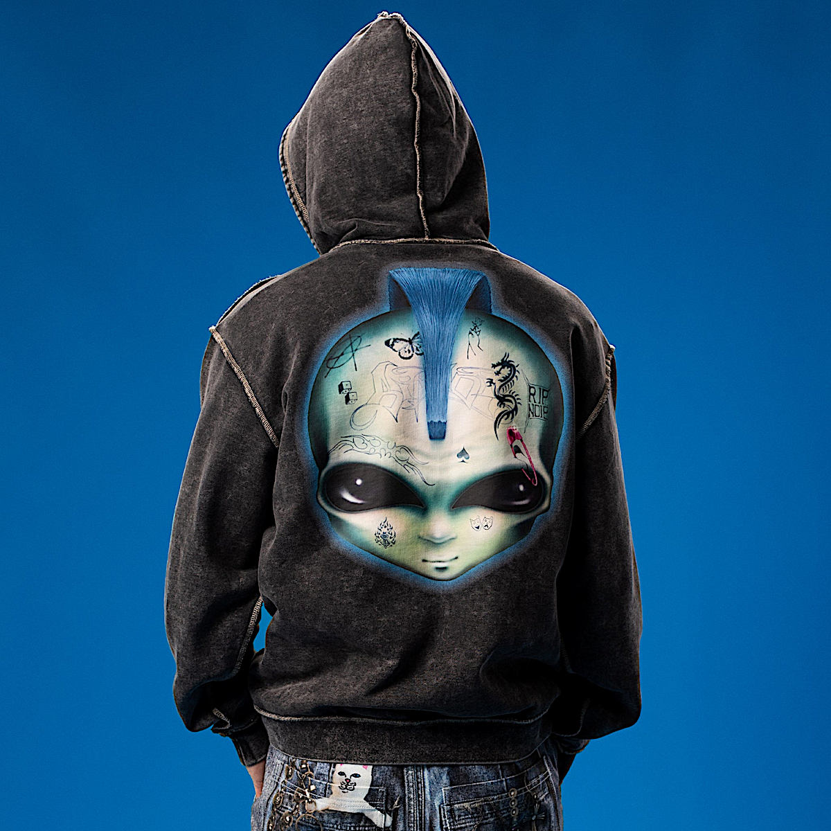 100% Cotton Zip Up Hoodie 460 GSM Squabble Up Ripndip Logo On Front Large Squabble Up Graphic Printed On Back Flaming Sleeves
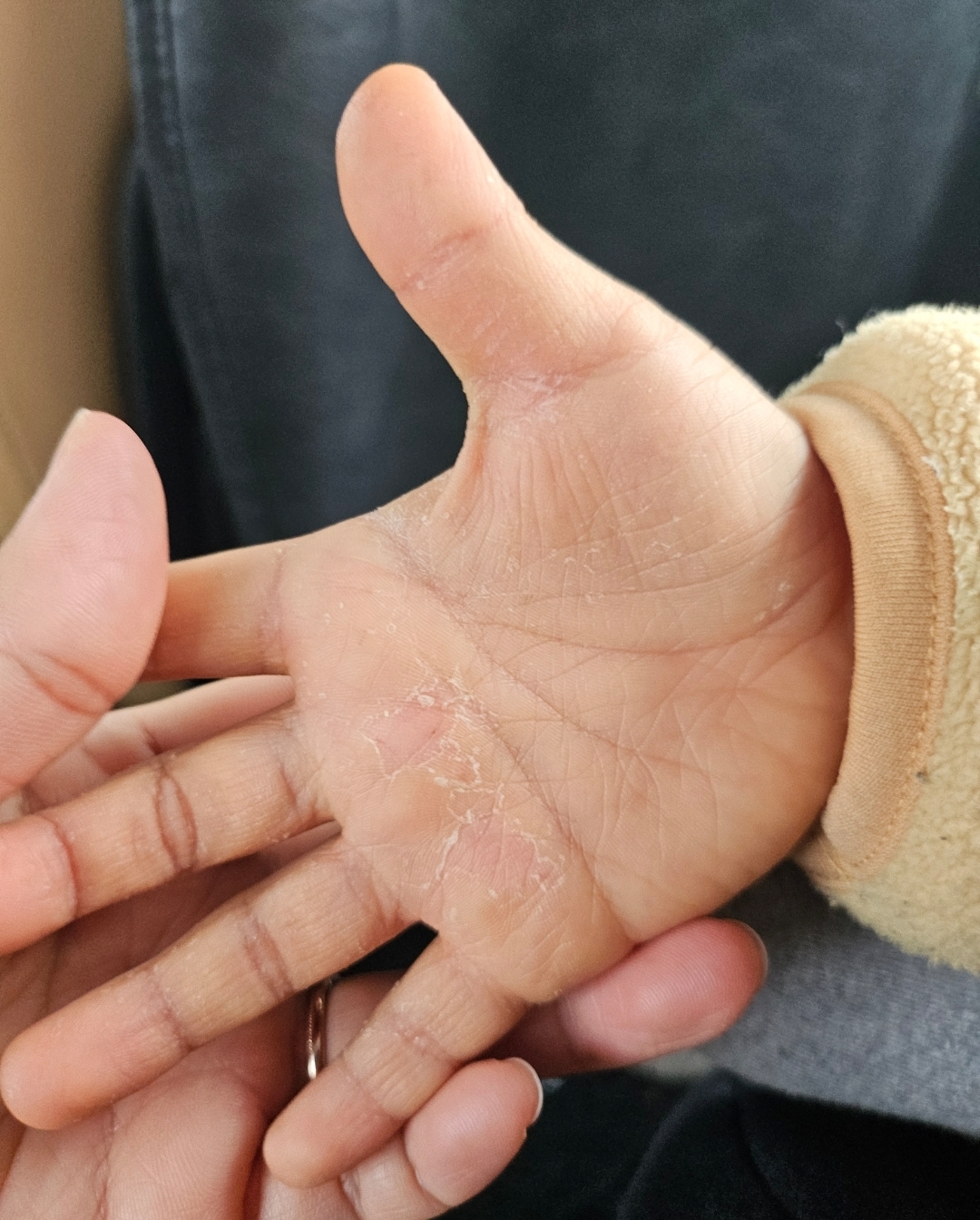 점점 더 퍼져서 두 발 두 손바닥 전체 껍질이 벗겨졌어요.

------------------------

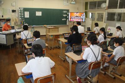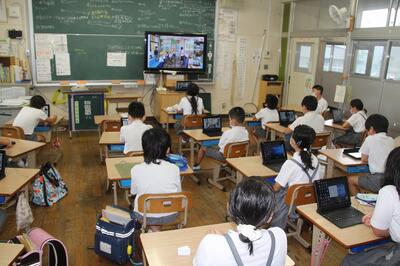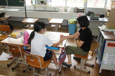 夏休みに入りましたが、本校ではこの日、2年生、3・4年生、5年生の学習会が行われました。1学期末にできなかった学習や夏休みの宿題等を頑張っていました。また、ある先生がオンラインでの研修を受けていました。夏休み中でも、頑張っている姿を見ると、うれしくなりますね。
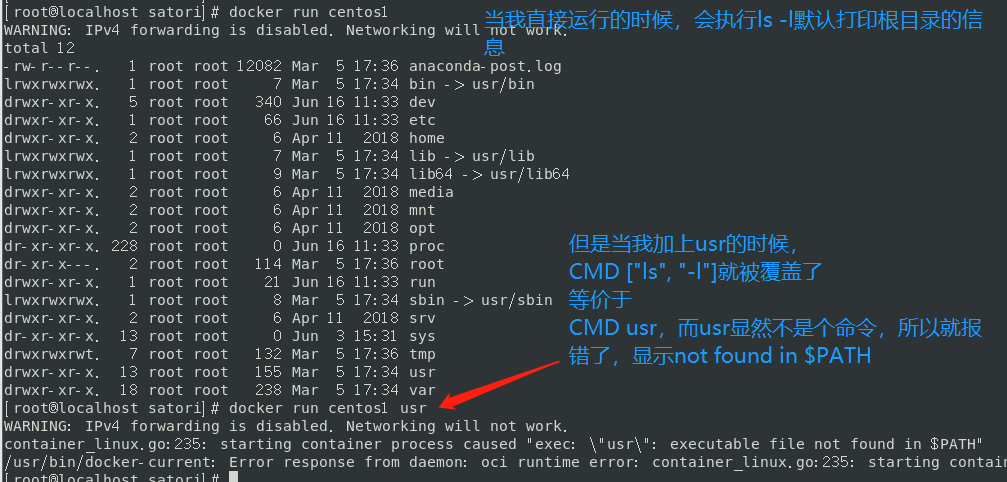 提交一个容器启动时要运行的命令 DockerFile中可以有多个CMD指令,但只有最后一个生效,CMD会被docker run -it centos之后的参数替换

------------------------

Everything from the line with "100% Cotton Zip" down to the line with "점점 더 퍼져서 두 발 두 손바닥 전체 껍질이 벗겨졌어요." in the data above should be copied exactly, with both end lines kept and the pictures left out.

 100% Cotton Zip Up Hoodie 460 GSM Squabble Up Ripndip Logo On Front Large Squabble Up Graphic Printed On Back Flaming Sleeves
 점점 더 퍼져서 두 발 두 손바닥 전체 껍질이 벗겨졌어요.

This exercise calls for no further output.